What does the future of media look like to you?

It’s going to be a slow-moving change, but I think ultimately it will all be owned by 3 or 4 companies. I’ve enjoyed the democratization of content: you can go on YouTube, Instagram, TikTok, Facebook, Twitter, and Snapchat. But for the most part, you’re not getting the money from the advertising, you’re just supplying content. 

Subscriber fees are keeping the cable TV model, and the many channels we have, alive. Whether you watch Fox, or CNN or MSNBC or AMC—they all get a piece of your bill. But that model isn’t sustainable as more people cut cable and go for streaming platforms.

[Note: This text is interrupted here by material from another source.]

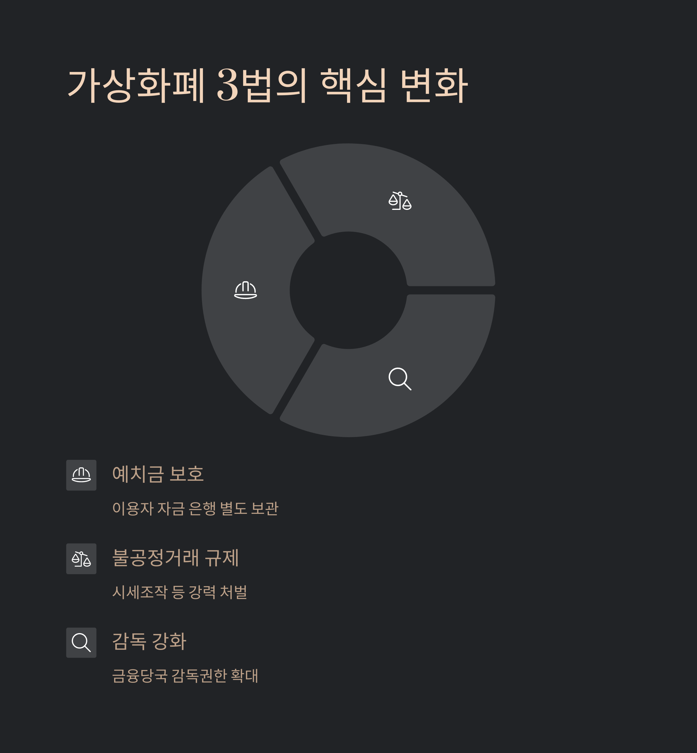 가상화폐 3법의 핵심은 크게 세 가지로 요약할 수 있습니다. 바로 '이용자 예치금 및 가상자산 보호', '불공정거래 행위 규제 강화', 그리고 '금융당국의 감독권한 확대'입니다. 이 세 가지 축을 중심으로 가상자산 시장의 투명성과 안정성이 대폭 강화될 예정입니다.

But interestingly, the money you pay for your Internet connection doesn’t go to any of the sites you visit. 

Yesterday or the day before, there was a story about subscriber fees and how whether you watch Fox or not, you’re paying $2 a month to Fox and they make billions of dollars on subscriber fees. CNN was the same. They made more money from subscriber fees than ad revenue. But people are canceling their cable, so those subscriber fees are starting to go away. They’re not as lucrative as they used to be. So, I think we’re in for a big overhaul and the change will be slow.

That’s where I’d like things to go, but that’s not where it’s going to go. There will still be four companies that own everything and they’re just going to have tentacles into every little piece. At some point some someone’s going to buy Facebook, like the AOL Time Warner acquisition. If you’re a content creator, figure out a plan B, because right now the movement is toward the platform, and not necessarily the content on the platform.

With Tik Tok, Snapchat, Instagram, Facebook, Twitter, and YouTube, in all  these places where there’s advertising, you as a content creator don’t get any money from that and there shouldn’t be this, well, once you get 1000 views, then we’ll start giving you money. There’s a lot of money in media, but it’s not going to the people who are creating all the content that we’re consuming.